A Message about Fighting for Gay Rights

Norm Kent, Publisher

As our paper goes to press on a Tuesday evening, Republican voters are choosing between four candidates who have spent six months antagonizing the LGBT community of America.

In features our paper ran just a few weeks ago, we demonstrated that very few good things for gays are coming out of Republican camps this year. Supporting any of their potential nominees is anathema to equal rights. Each one seems to be a choice of who dislikes us less. But Rick Santorum is flat out frightening. What part of the 21st century is he uncomfortable with? The Republicans should be more than embarrassed, embracing a candidate who would be one hundred years ahead of his time if the year were 1778.

Whether you happen to be gay or straight, black or white, the reality is our country is still fighting a foreign war abroad and an economic war at home. Unemployment remains high, homes are still being foreclosed, and across all economic levels, credit mobility is being crushed. We have so much to fight for just to survive, it is remarkable that candidates from either party would stress themselves out about marriage equality. What is there about equality that they do not like?

Faced with so many issues at different levels, the LGBT community is fortunate to have had a President on our side for the past four years. Maybe he has not spoken the words gay marriage, but he has been here for us when it counts, from keeping his promise on DADT, to refusing to defend DOMA. President Obama has done more than make scores of LGBT appointments; he has embraced us as equals. We all want more, but in politics, we sometimes lose sight of the fact that ‘Perfect is the enemy of the Good.’

Accordingly, we read with dismay a letter criticizing Fort Lauderdale City Commissioner Charlotte Rodstrom last week. What else does she have to do to support LGBT rights, leave her husband John and partner up with Robin Bodiford?

Commissioner Rodstrom has enlisted LGBT members in her inner circle, supported domestic partnership benefits within the city, and spoken out against discrimination in employment and bullying in schools.

For many politicians, these notions engage new terrain. Let us work towards gaining their vote, then their trust, and then form a lasting partnership. Let us show them that from the gay community they have friends to forge, not fear to hide from. It certainly has worked with Congresswoman Debbie Wasserman-Schultz and county commissioners.
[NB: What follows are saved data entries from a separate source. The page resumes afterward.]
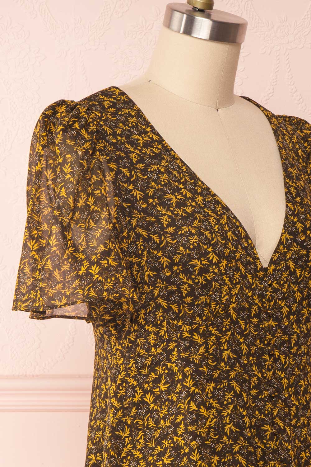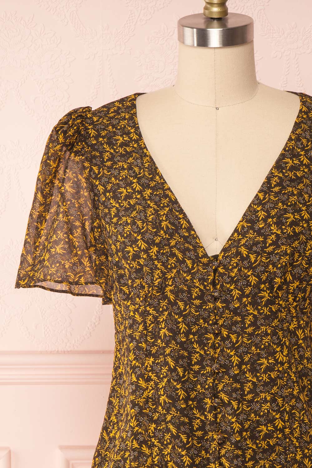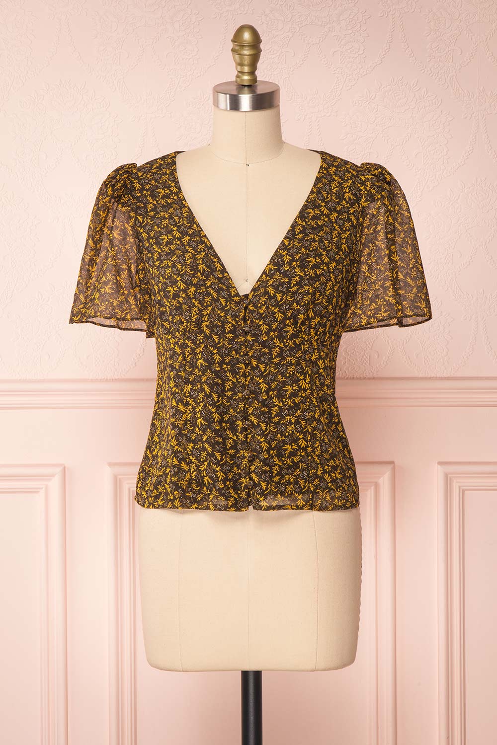 Ce joli haut écourté apportera un vent de fraîcheur à votre garde-robe! Le chiffon léger vous habillera avec confort, alors que les boutons et les manches papillons sont des éléments charmants. Agencez-le d'un pantalon ajusté et de souliers ballerines pour une tenue romantique, mais professionnelle!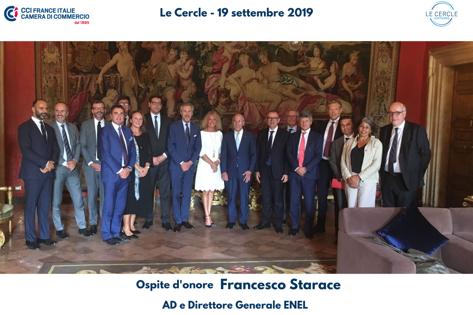 Orateur et invité d’honneur de la réunion a été Francesco Starace, Administrateur délégué et Directeur Général d'ENEL, qui, en présence de Présidents et Administrateurs Délégués de grands groupes de la communauté d’affaires franco-italienne, a fait une intervention sur le thème de "Innovation, responsabilité sociale d’entreprise et développement durable: la vision d’Enel sur le futur du secteur énergétique national et international".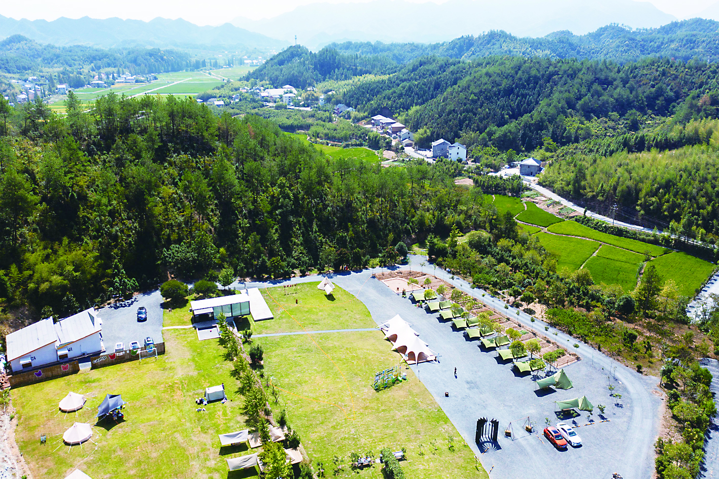 9月24日,空中俯瞰位于杭州市临安区太阳镇上庄村的牧光谷露营基地,该基地是2022年5月刚投入运营的网红露营基地,带动周边30余名农户就业(无人机照片)。
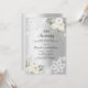 Pour un 25ème anniversaire de mariage élégant et romantique. Un faux arrière - plan argenté décoré de fleurs blanches, de roses et de dentelle blanche. Personnalisez et ajoutez vos noms et détails.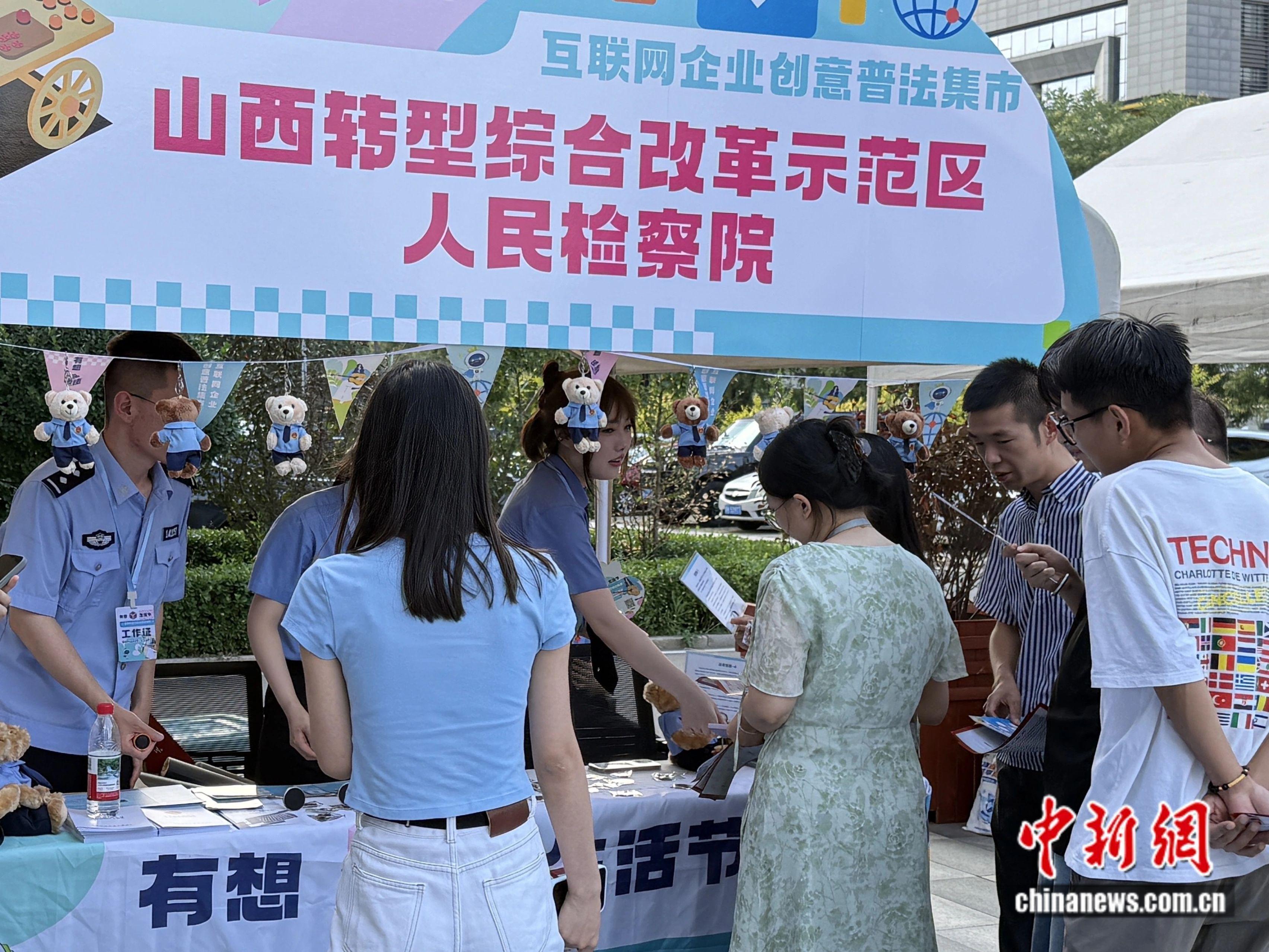 7月22日,2025年“全国网络普法行·山西站”活动在山西太原启动。当日下午,采访团一行来到山西转型综合改革示范区,彼时,一场别开生面的“有想‘法’生活节·互联网企业创意普法集市”活动正在举行。

We even elected a gay one, Ken Keechl, our mayor last year.

It would be great if public office holders embraced everything we do every day we do it, but ripping them a new body part every time they do not is inappropriate. Last year, Fort Lauderdale Mayor Jack Seiler was chastised for failing to attend the opening of gay pride, when he was conflicted out with a St. Patrick’s Day Rally and his daughter’s out of town athletic meet.

Sometimes, we ask for too much, and are too foolish ourselves. If we are going to be a community, we have to advance a common good. We have to demonstrate that our rights, too, are inalienable, and that we, too, are citizens, empowered to act and live as freely as all other citizens. We abide by no restrictions or curtailments of our rights by anyone, anytime, anywhere. Thank goodness we have people within our own community holding everyone in office to task. They are to be congratulated, not criticized.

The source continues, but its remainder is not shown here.